Board chair
We clarify the role, responsibilities, working methods and significance of the chair for corporate governance
Explained – board chair duties in practice
The board chair is the member tasked with leading the board’s work and ensuring the board operates effectively. The role is regulated by the Companies Act (2005:551) and includes a specific responsibility to convene board meetings, chair board meetings, set an appropriate board meeting agenda, lead deliberations and ensure that decisions are recorded correctly in the board minutes in line with the board meeting protocol. The chair should create the conditions for constructive board collaboration and coordinate the members’ contributions. In some cases it is prudent to consult a business lawyer to ensure the board’s resolutions are legally robust.
When does the board chair role become relevant?
The question of appointing a board chair arises in all limited companies that have a board of directors, as the board is required by law to appoint a chair.

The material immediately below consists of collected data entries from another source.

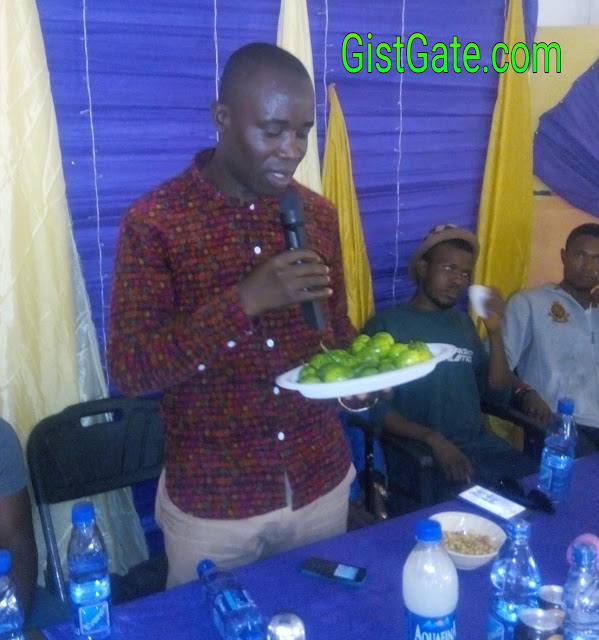 | Lecturer Ebiriukwu Anthony presenting garden eggs to at the induction |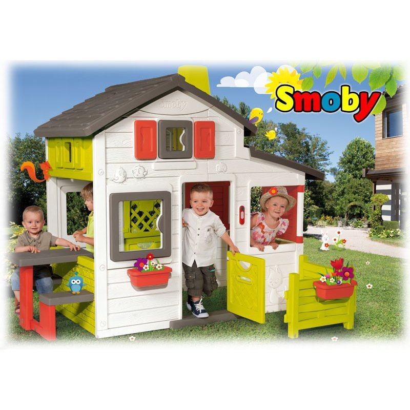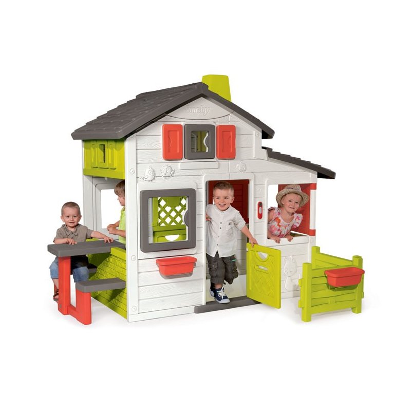Przepiękny, funkcjonalny domek Friends House ze stolikiem i ogródkiem zachęca dzieci do zabawy. Domek ma otwierane okna i drzwi, jest wyposażony w doniczki, w których można sadzić kwiaty. Domek jest wyposażony w stolik z ławeczkami. Jest możliwość zamontowania stolika zarówno wewnątrz domku jak i na zewnątrz.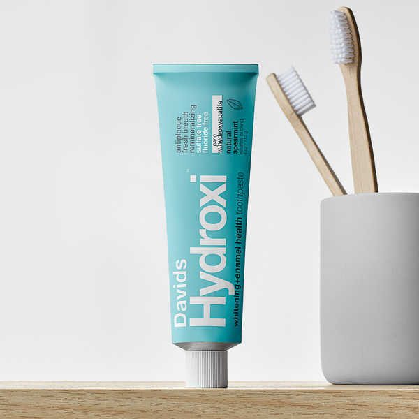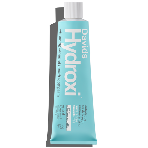 natural whitening / antiplaque / fresh breath / remineralizing Hydroxi™ w/ nano hydroxyapatite for whitening & enamel health high performance formula no artificial flavors, colors, or preservatives EWG VERIFIED™ fluoride free sls free recyclable metal tube premium natural spearmint flavor for a refreshing experience proudly made in usa 4 oz / 113 g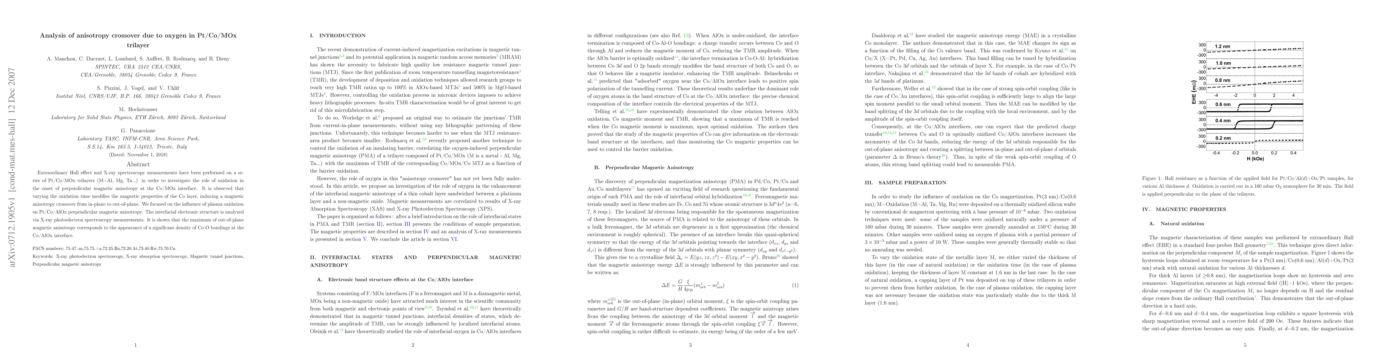 Extraordinary Hall effect and X-ray spectroscopy measurements have been performed on a series of Pt/Co/MOx trilayers (M=Al, Mg, Ta...) in order to investigate the role of oxidation in the onset of perpendicular magnetic anisotropy at the Co/MOx interface. It is observed that varying the oxidation time modifies the magnetic properties of the Co layer, inducing a magnetic anisotropy crossover from in-plane to out-of-plane. We focused on the influence of plasma oxidation on Pt/Co/AlOx perpendicular magnetic anisotropy. The interfacial electronic structure is analyzed via X-ray photoelectron spectroscopy measurements. It is shown that the maximum of out-of-plane magnetic anisotropy corresponds to the appearance of a significant density of Co-O bondings at the Co/AlOx interface.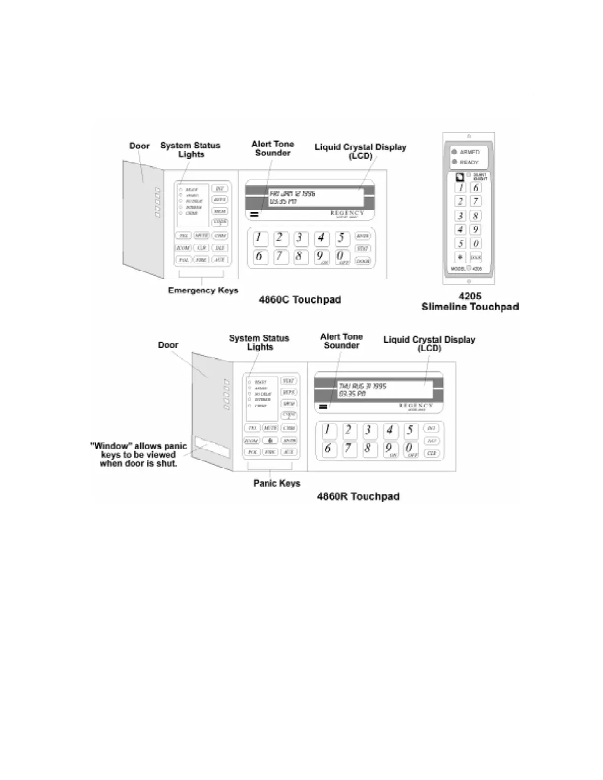 Figure 5-4 Model 4860C Commercial LCD Touchpad, Model 4205 Slimline Door Access Touchpad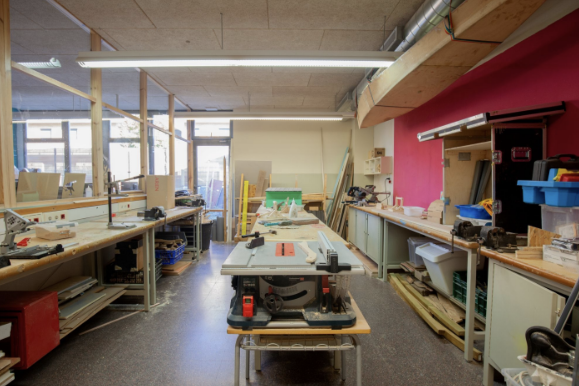 L’Espai FAIG de l’Institut Pla Marcell es divideix en dos espais: un taller on es treballa principalment la fusta amb eines manuals i elèctriques i un altre espai on es desenvolupen projectes amb l’ús de màquines digitals.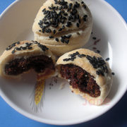 水油面团、普通面粉、玉米油、水、猪油、红豆泥、黑芝麻、白砂糖。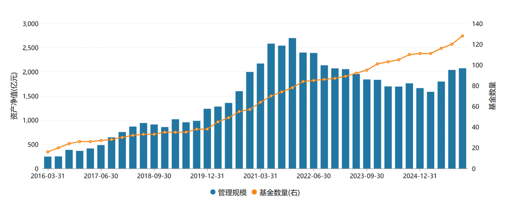 巅峰之后,其规模持续萎缩。截至2025年末,东方红资管管理规模降至约2073亿元,较峰值蒸发近600亿元,行业排名滑落至40位左右(数据截至2025年12月31日,来源:Wind)。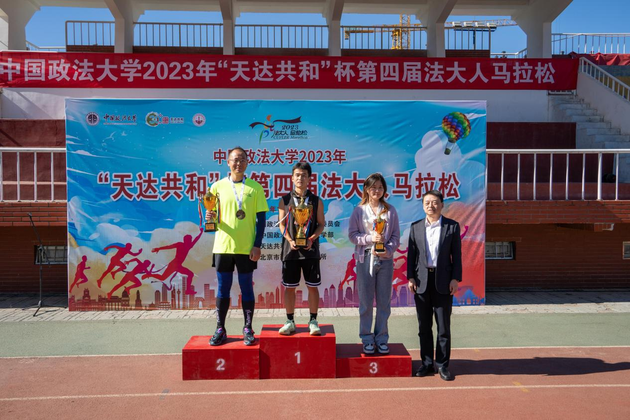 證據(jù)科學(xué)研究院研究生王東亞同學(xué)在歡呼聲中第一個(gè)沖過(guò)了終點(diǎn)線。教工朱林、校友蒲彥萍、證據(jù)科學(xué)研究院王東亞同學(xué)、法學(xué)院杜睿思同學(xué)分別為第四屆法大人馬拉松教工校友男子組、教工校友女子組、學(xué)生男子組、學(xué)生女子組冠軍。刑事司法學(xué)院、社會(huì)學(xué)院分獲甲、乙組團(tuán)體第一。

The board chair role is particularly central in larger companies, public companies or when the company faces changes that demand strong board leadership, for example a listing, capital raising or major reorganisations. The chair then acts as a steady point of contact between the board, the CEO (Managing Director) and the general meeting (AGM).
Key considerations – board chair duties
There are several important aspects a board chair must manage to discharge the role correctly and effectively.
- The board chair is responsible for issuing notices to convene board meetings and to chair board meetings.
- The chair must ensure all members receive relevant information in advance to support a sound board decision making process and an effective board meeting agenda.
- Decisions taken must be documented and minuted correctly in the board minutes in accordance with the board meeting protocol.
- The chair should promote a clear allocation of work within the board and foster board collaboration.
- The role carries a specific responsibility to ensure the board complies with the Companies Act and the articles of association.
- The chair often serves as the board’s primary contact point vis-à-vis the CEO and external stakeholders, facilitating effective board communication.
- It is important to strike the right balance between leading and enabling all members to contribute, thereby supporting overall board effectiveness.
A well-functioning board chair brings structure and clarity to corporate governance, which is critical to the company’s long-term success.
Why the board chair matters
The board chair is essential to ensure the board’s work is effective and legally sound. By leading meetings, creating structure and coordinating efforts, the chair enables the board to perform at its best. Clear board chair responsibilities strengthen the board’s ability to pass well-founded board resolutions that support the company’s long-term development.
The chair also plays a vital part in the relationship with the CEO, as communication between board and management often flows via the chair. This makes the role central to maintaining clear lines of accountability and effective governance.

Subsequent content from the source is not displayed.